Poster Presentation, "CD19-Specific Chimeric Antigen Receptor-Modified T Cells with Safety Switch Produced Under ‘Point-Of-Care’ Using the Sleeping Beauty System for the Very Rapid Manufacture and Treatment of B-Cell Malignancies"
Rutul Shah, interim Head of Operations, Intrexon Human Therapeutics, presented preclinical findings showing T cells expressing CD19-specific CAR, mbIL15, and control (safety) switch were generated under P-O-C using the SB system. These T cells were manufactured in less than two days and did not require ex vivo activation or propagation and demonstrated potent anti-tumor effect and sustained CAR+ T-cell persistence in mice. These data support clinical evaluation of genetically modified T cells very rapidly manufactured using the SB system.

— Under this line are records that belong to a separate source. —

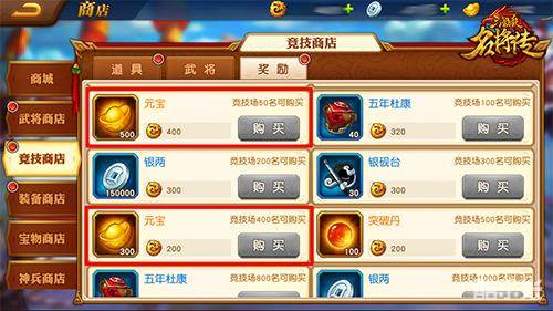 竞技场商店、装备商店达成指定目标即可兑换元宝奖励,只能获得一次。
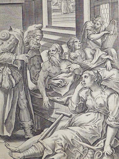 Infirmus eram et visitastis me. (Matt. 25.36.). Gravure originale du XVIIe siècle
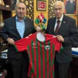 Devlet Bahçeli'yi makamında ziyaret eden Diyarbakırspor Kulüp Başkanı Bedirhan Akyol, Bahçeli'ye Diyarbakırspor forması hediye etti.
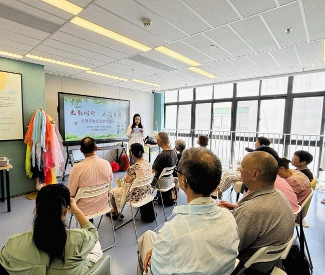 为弥补视障群体视觉体验的缺失,实践团依托无障碍视听资源,开展多层次文化共享活动。在沧浪街道,团队成员配以专业口述解说,带领视障老人“观看”无障碍电影,用声音建构剧情时空,让老人们随情节动容颔首。在南华社区,一场沉浸式读书会上,成员朗读《雷雨》经典片段,以声传情再现命运纠葛,并分享《红色家书》中的家国情怀,在深情诵读中完成一场跨越时空的精神对话。相门社区则回荡着歌声与节拍,视障群体在文艺表演中放声高歌,展现出自立自信、向阳而生的文化风貌。
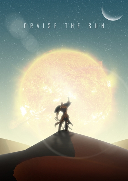"Escanor Les Sept Péchés Capitaux" poster de saufa haqqi. Un héros immense, silhouette fière, bras levés vers un soleil déchaîné qui écrase le désert. L’astre brûlant, presque à portée de main, éclaire un ciel étoilé où une lune en croissant joue les trouble-fête. « PRAISE THE SUN » claque au-dessus, comme un mantra solaire. Cette illustration capte l’énergie brute d’un anime culte – puissance, lumière et ce petit frisson épique qui donne envie de hurler avec lui. Impossible de rester de marbre.
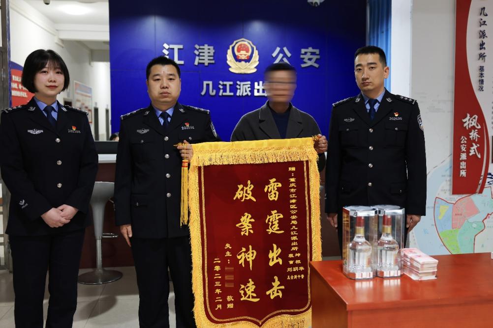 返还仪式上,何某领回被盗资金和物品,并向公安机关送上写有“雷霆出击,破案神速”八个大字的锦旗,感谢民警全力破案,为他追回受损钱财。
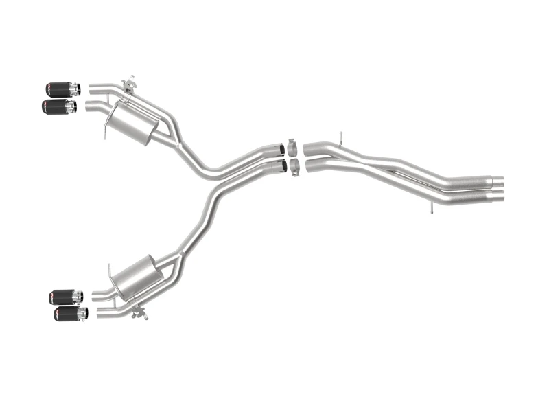 Finishing off this exhaust system are quad 3.5" diameter carbon fiber 304 stainless steel clamp-on exhaust tips, complete with an aFe POWER logo for a unique style.

Poster Presentation, "Autologous T Cells Modified to Co-express CD33-Specific Chimeric Antigen Receptor and a Kill Switch for Treatment of CD33+ Acute Myeloid Leukemia"
Tim Chan, PhD, Senior Director, Intrexon Human Therapeutics, presented preclinical data supporting an ongoing Phase 1 study of CD33-specific CAR+ T-cell therapy for the treatment of relapsed or refractory acute myeloid leukemia. In vitro analyses demonstrated that CAR+ T cells exhibited redirected specificity for CD33. Co-expression of a kill switch was shown to eliminate CAR+ T cells by cetuximab-mediated antibody-dependent cellular cytotoxicity both in vitro and in vivo.